Learning a True Programming Language
The only one that comes close is Matlab, Python is a true programming language that the mathematics student can take with him/her in what ever profession they choose. You may have a math degree, but with Python knowledge you have the capability to greatly contribute to tool development anywhere you go instead of simply providing the algorithms.
So now you are left with a question as to which Python should be used.
Version 3.2 or 2.7?
So there are two common versions of Python. Version 2.7 is still widely used as is still being serviced by the members of Python. Version 3.2 is very usable, but lacks support from many of the major libraries. scipy now supports 3.1+ but it's only been recently. As of this writing, you should stick with 2.7 due to its wider use and support.
Installing Python and the mathematical libraries on Linux is trivial as it runs and compiles very easily. Max OSX is almost as easy, as long as you grab some extra items from Apple's Developer's Connection site.
Windows has been the problem with Python and it's science tools due to compilation requirements and since Linux and Mac OSX are both *NIX based, Windows was the step-child. ActivePython has a version, but costs money. The Python homepage has a Windows Python version, but I've run into many issues in getting numpy to compile properly in Windows.
There are two great Windows versions that I'd recommend. Python(xy) is in active development and auto-installs numpy, scipy, PyQT, Matplotlib, PIL, and cx_Freeze. It include a massive list of optional 'plugins' to expand your Python installation. Python(xy) also includes the Spyder development environment which looks and feels much like Matlab.
Portable Python is also a great version, but is built around a portable installation. This would be attractive for students, because they can go into the computer lab and work in the same Python environment as they'd use at home and in class. The bad part is that Python then doesn't have the PATH environment variables properly setup and mixing which Python you are using can cause issues.

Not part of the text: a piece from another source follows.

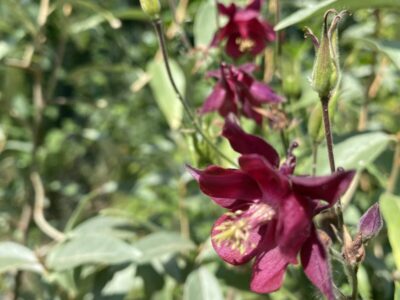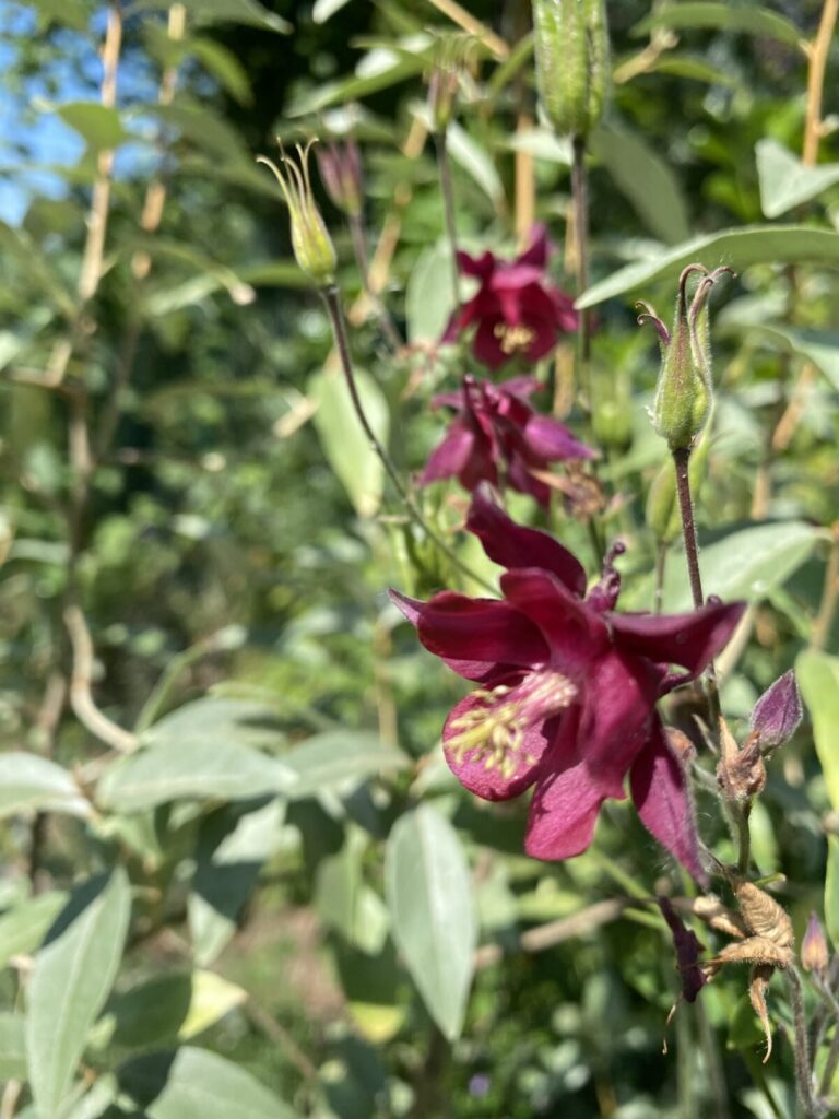 Herbstanemone, Sonnenhut, Gelenkblume, diverse Christrosen, Pfingstrose, Prachtscharte, Königskerze, Fetthenne, Eisenkraut, Blütendost, Nachtkerze, Blauraute, Frauenmantel, Taubnessel, Storchenschnabel, Färber-Hundskamille, Lungenkraut, Schaumblüte, Clematis, Küchenschelle,  Purpurglöckchen, wilder Rittersporn, Akelei, Lupine, Iris, Taglilien, Hostas, Farn, Bergenie, Steinsame, Prachtkerze, großer Wiesenknopf, Wolfsmilch, wilder Wein, Wermuth, diverse Duftnesseln, Lavendel, Hechtrosen, Herbstaster, Wicken, Hornkraut, Flockenblume, Mannstreu, Goldrute, Silberkerze, Tüpfel-Harteu, Rote Lichtnelke, Kartäusernelke, Weiße Lichtnelke, Bartblume, Geißblatt, Riesenmohn, Spornblume, Goldfelberich, Ysop, Wiesenglockenblume, Platterbse, Steppenkerze, echtes Eisenkraut, Stachelnüsschen, Goldnessel, Beifuß, Wolfsmilchgewächse, Fenchel, Leberblümchen,

I'd recommend Python(xy) as the suggested Python installation with Windows as it add so much more by default.
I really think universities should consider pushing Python in their computational environments. It will also be cheaper for the school (although probably wouldn't make a dent in overall expenditures), cheaper for the students, and establish something much more long-term for the student than the current offers. Due to the huge similarities to Matlab in syntax and usage, schools that currently use Matlab as their primary tool should seriously consider changing. What are your thoughts?